The science on low-frequency radiation is far from consistent or complete.  Many studies suggest harm at certain levels over sustained periods of exposure; many others suggest otherwise.   All but one of the epidemiological studies show no effect from the 700 billion smart phones and their antennas sold over the last decade.  As these studies usually involve high levels of self-reporting, they are all suspect, including the one from Sweden that does show an increase in cancers that could have been caused by radiation over the last twenty years.  These studies are all correlations at best anyway; establishing causes is much harder.   We are never going to test human beings in controlled studies (to find out what levels cause cancer and other maladies), nor can we ascertain now what effects radiation will have on long term prospects for cancers that may take decades to materialize.  Perhaps the best clue is that no government agency in the world has declared that the FCC standards for maximum transmit power levels from smart phones and antennas are too high.

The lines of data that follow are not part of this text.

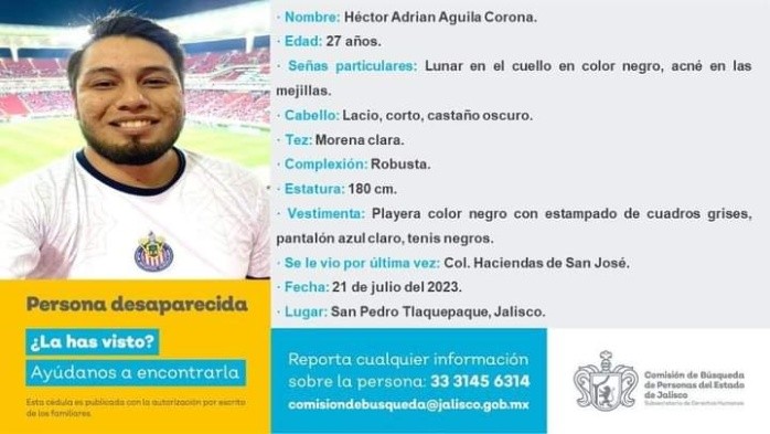 Familiares, amigos y compañeros de trabajo de un joven desaparecido el pasado 21 de julio en Tlaquepaque, se manifestaron en la avenida López Mateos a la altura de El Palomar. Los quejosos bloquearon el sentido de sur a norte, en demanda de la localización del muchacho, visto por última vez en la colonia Haciendas de San José, del municipio de San Pedro Tlaquepaque.La víctima está identificada como Héctor Adrián Aguilar Corona de 27 años de edad. Entre los manifestantes hubo empleados de la Comisión Nacional Forestal (Conafor), compañeros de trabajo de Héctor.El grupo de aproximadamente 60 personas cerró el sentido de ingreso a la ciudad. Al sitio llegaron elementos de la Policía del Estado y Policía Vial, quienes liberaron uno de los carriles para desfogar el tráfico. Hubo altercados entre manifestantes, autoridades y automovilistas molestos por el cierre de la arteria vial.Debido al cierre parcial de la vialidad, el embotellamiento llegó hasta las Plazas Outlet. Personal de la Fiscalía arribó al sitio para dialogar con los familiares del joven y liberar la circulación.“El salió de la casa de unos amigos y ahí se perdió, alguien se lo llevó en ese transcurso, atrás del ITESO y Hacienda Santa María. Ahí fue su pérdida de él. Ya encontramos su carro, sus cosas, pero él no está”, expresó la señora María Teresa Corona Navarro, madre de Héctor Adrián.Después de hora y media de bloquear López Mateos, el contingente se retiró con la promesa de personal de la Fiscalía que mañana habrá una reunión con los padres del joven en Palacio de Gobierno. Los padres del joven advirtieron que si no hay avances en las indagatorias, bloquearán de nuevo López Mateos a la misma hora este jueves.MF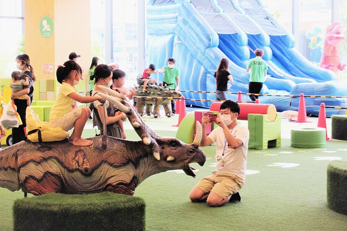 【名古屋】愛知トヨタ(赤尾嘉彦社長)が運営する「オートタウン・ラボ」が開設1周年を迎え、記念イベントが行われた=写真。2週にわたって行った「ジュラシック・キッズパーク」には親子連れ計360組が訪れ、会場内の様々な恐竜とふれあっていた。 イ...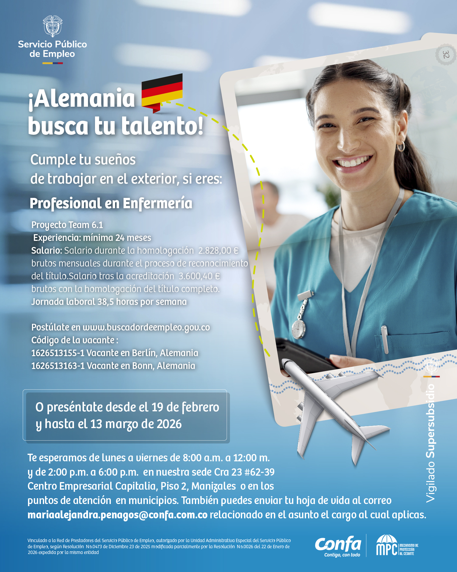 La Agencia de Gestión y Colocación de Empleo de Confa, autorizada como Agencia de Empleo Transnacional y como parte del Proyecto TEAM 6.1 (Trabajadores colombianos Especializados para Alemania) abrió hasta el 13 de marzo de 2026, nueva convocatoria dirigida a profesionales de enfermería para trabajar en Alemania, de este modo contribuye al mejoramiento de la calidad de vida de los trabajadores en Caldas y facilita la ampliación de opciones laborales en el exterior en el marco de una migración digna y segura.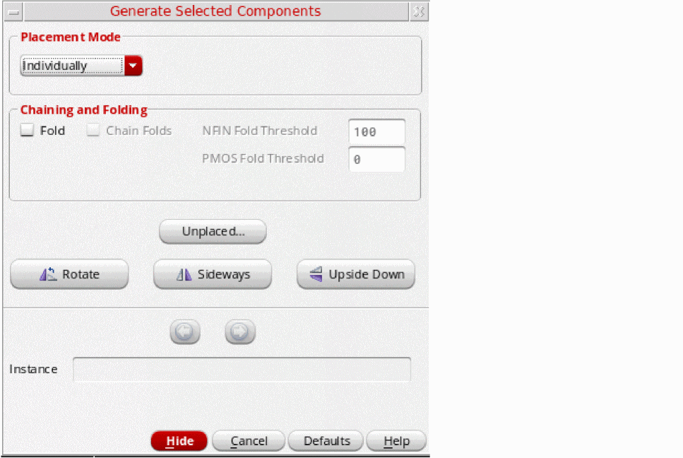 Shiftkey pressed during selection or area-select the components. To deselect a component, click the component while theCtrlkey is pressed. - Click Unplaced to view the Instance/Pin List Form. In the form, select the components to place and click Apply to select them in the schematic window. See Listing Unplaced Components after Layout Generation.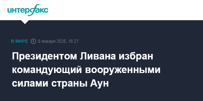 Москва. 9 января. INTERFAX.RU - Парламент Ливана избрал президентом страны президента Жозефа Ауна, который до сих пор был командующим вооруженными силами страны, сообщают ближневосточные СМИ.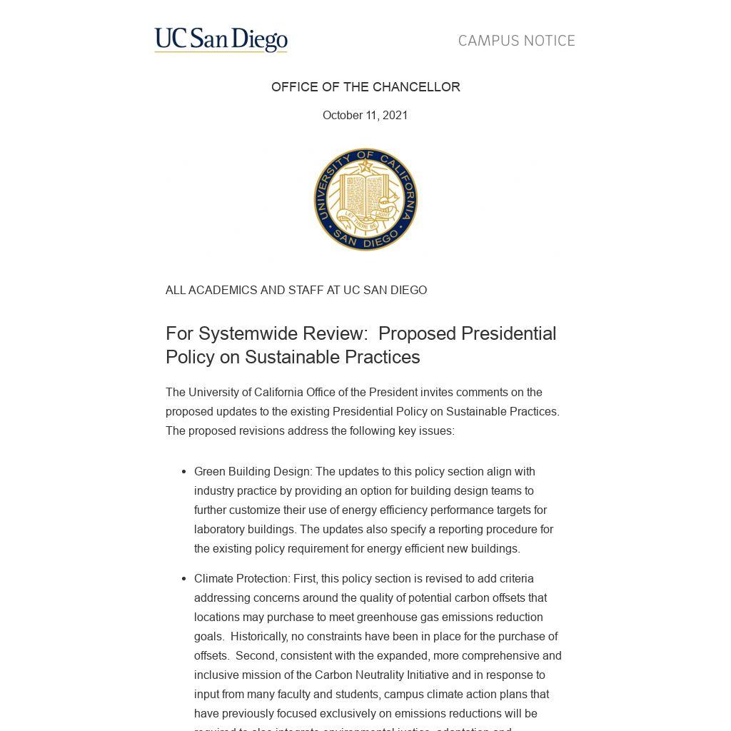 For Systemwide Review: Proposed Presidential Policy on Sustainable Practices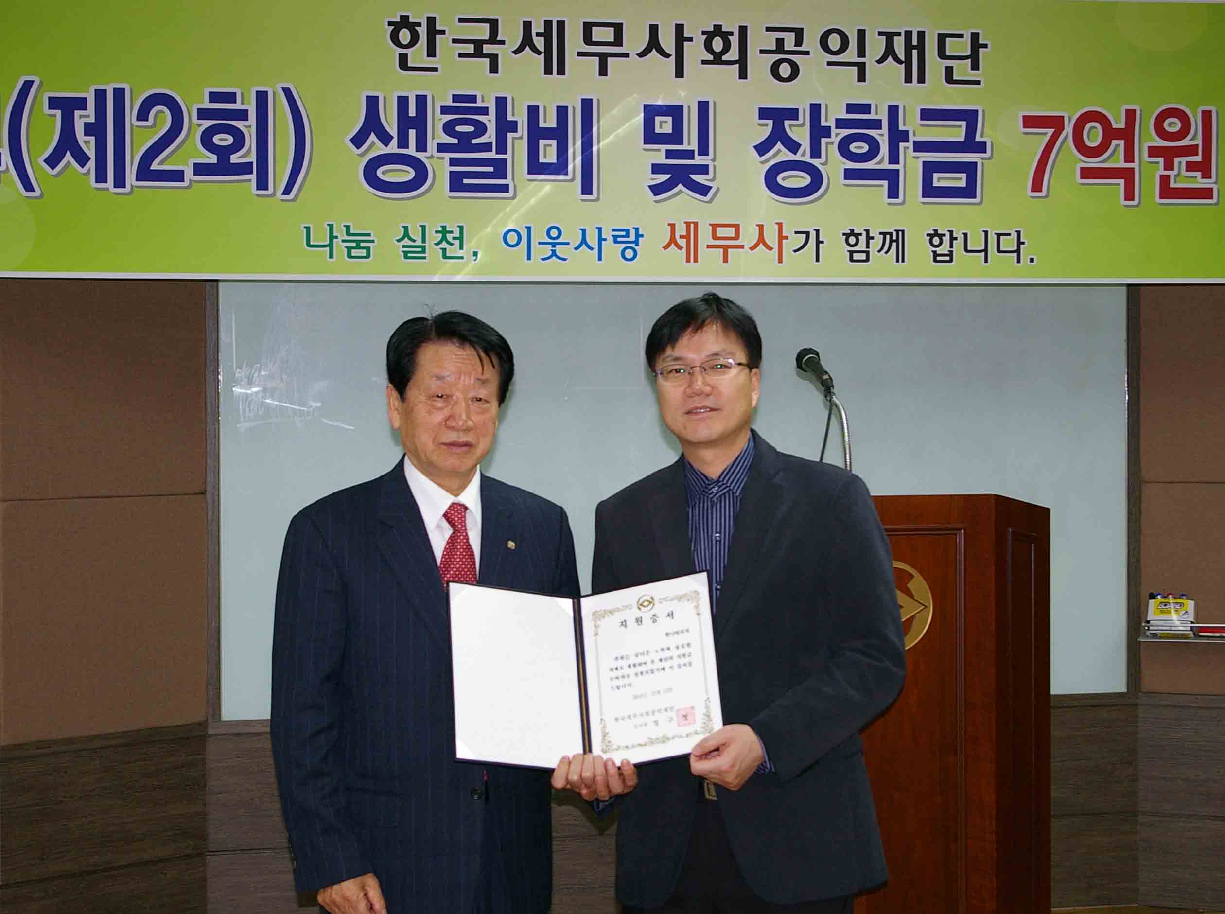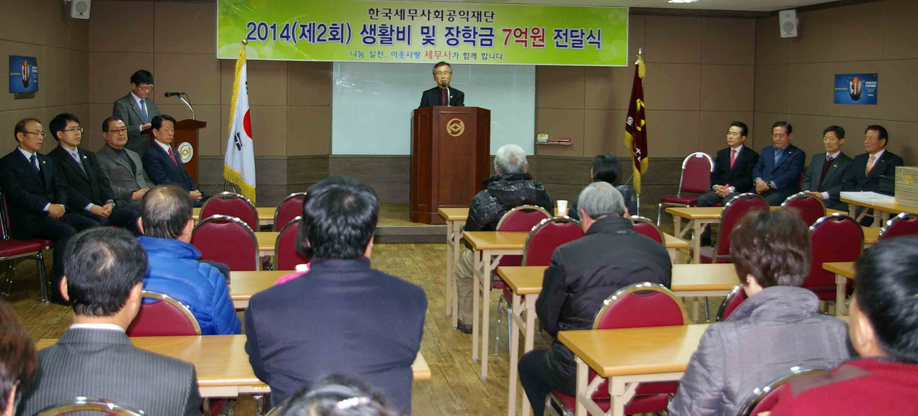 나성린 의원은 “세무사회가 앞장서서 공익재단을 만들어 사회공헌활동에 감사드리고 앞으로도 많은 지원”을 부탁하고, 수여받는 분에게는 “큰 금액은 아니지만 겨울 따뜻하게 보내시고 학생들은 공부를 더 열심히 하길 바란다”고 축하했다.

Energy levels from mobile antennas drop rapidly as waves move from the antenna to a user.  The level thirty feet away is 1% of the original.  Mobile phones expect receive levels in a range from -40 dbm to -115 dbm (the former is 0.0000001 watt, or eight orders of magnitude below the 40 dbm (10 watts)  transmitted by a small cell antenna.  Meanwhile signal levels transmitted by a smart phone range from +30 dbm to below +10 dbm—1 watt to 0.01 watt.  The key dependency is receive power; the higher the received signal (the closer the antenna), the lower the transmit power, to save battery life.  So, if you want to continue to use your smartphone, you are probably in no real danger, but you will be better off with many small antennas close by than one antenna 20 miles away.